Problem details: Leave out all pictures. Extract exactly the lines from the one containing "Amazon.com has Lifemaster" through the end of the data.

Given data:
-------

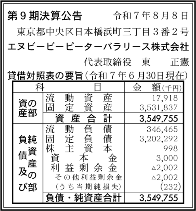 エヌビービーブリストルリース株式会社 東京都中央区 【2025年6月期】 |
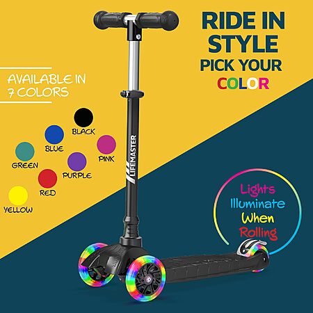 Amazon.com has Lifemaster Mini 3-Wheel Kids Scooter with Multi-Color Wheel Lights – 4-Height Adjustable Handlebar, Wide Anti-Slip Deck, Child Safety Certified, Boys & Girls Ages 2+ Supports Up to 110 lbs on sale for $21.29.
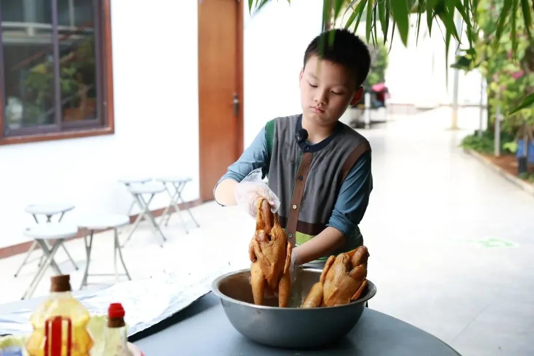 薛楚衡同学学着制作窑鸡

-------

Task response:
 Amazon.com has Lifemaster Mini 3-Wheel Kids Scooter with Multi-Color Wheel Lights – 4-Height Adjustable Handlebar, Wide Anti-Slip Deck, Child Safety Certified, Boys & Girls Ages 2+ Supports Up to 110 lbs on sale for $21.29.
 薛楚衡同学学着制作窑鸡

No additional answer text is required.